Secondo il procuratore generale di Perugia Sergio Sottani, però, entrambi i presupposti sarebbero sbagliati. «Per un verso, con riferimento agli atti conosciuti dall’allora procuratore generale della Cassazione dottor Fuzio, quale membro di diritto del Comitato di presidenza del Csm, l’aver comunicato a Palamara per telefono le notizie, intorno alle ore 10.30 della mattina del 3 aprile 2019, ha costituito violazione del segreto a cui il magistrato era comunque tenuto, considerata anche la successiva secretazione di quegli atti. Dall’altra, con riguardo al colloquio serale intorno alle ore 22 del 9 maggio 2019, lo stesso - si spiega nella nota - non è avvenuto, ad avviso della procura generale, all’insaputa dell’allora alto magistrato Riccardo Fuzio, ma è stato preceduto da particolari accortezze per la fissazione dell’orario dell’incontro, quali l’uso da parte di Palamara di cellulari non intestati né utilizzati dallo stesso, ma nella disponibilità di due altri magistrati». Sul punto il tribunale di Perugia ha chiarito che Palamara, per cogliere di sorpresa Fuzio, usò uno stratagemma: durante una partita di calcetto, con la scusa che il proprio telefono si fosse scaricato, utilizzò il cellulare di un collega, con il consenso di questi, per inviare un messaggio a Fuzio in cui si limitava a chiedergli, senza dire chi fosse, «a che ora ci sei stasera a casa?». Da lì l’accordo sull’orario, senza mai svelare la propria identità.

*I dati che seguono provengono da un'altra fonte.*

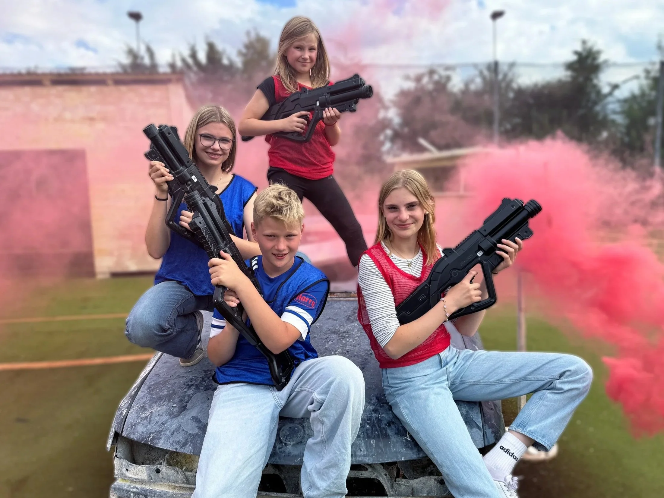 Schon ab einer Gruppengröße von 6 Personen kannst du unser Szenario Lasertag buchen. Damit habt ihr ein Spielfeld ganz für euch allein. Dank mehrerer Indoor- und Outdoor-Spielfelder seid ihr dabei sogar unabhängig vom Wetter.

La sentenza di Perugia, però, va oltre, fissando alcuni punti che potrebbero tornare utili a Palamara nel processo per corruzione. In primo luogo, secondo il gup, ad informarlo dell’indagine perugina fu «l’allora procuratore della Repubblica di Roma, dott. Giuseppe Pignatone, nel dicembre 2017». Un’informazione che rappresentava «il “segreto di Pulcinella”: a Roma se ne parlava ampiamente». Tutti, cioè, sapevano, tanto che, già a settembre del 2018, il Fatto Quotidiano pubblicò in prima pagina la notizia sul «fascicolo a Perugia che imbarazza il leader di Unicost», ben prima dell’incontro con Fuzio.
Ma non solo. L’elemento più utile alla difesa di Palamara è il fatto che per il giudice risulti «palesemente infondata» la contestazione a Fuzio di avere violato il segreto investigativo in relazione «al coinvolgimento di tali Amara e Calafiore nella vicenda». Un elemento importante, in quanto sono proprio Amara e Calafiore gli assi portanti dell’accusa di corruzione: secondo la procura, infatti, Palamara riceveva «da Fabrizio Centofanti le utilità per l’esercizio delle sue funzioni e dei suoi poteri» in particolare per la disponibilità dimostrata a Centofanti «di poter acquisire, anche tramite altri magistrati e appartenenti alle forze dell’ordine (...) informazioni anche riservate sui procedimenti in corso (...) che coinvolgevano Centofanti e gli avvocati Piero Amara e Giuseppe Calafiore».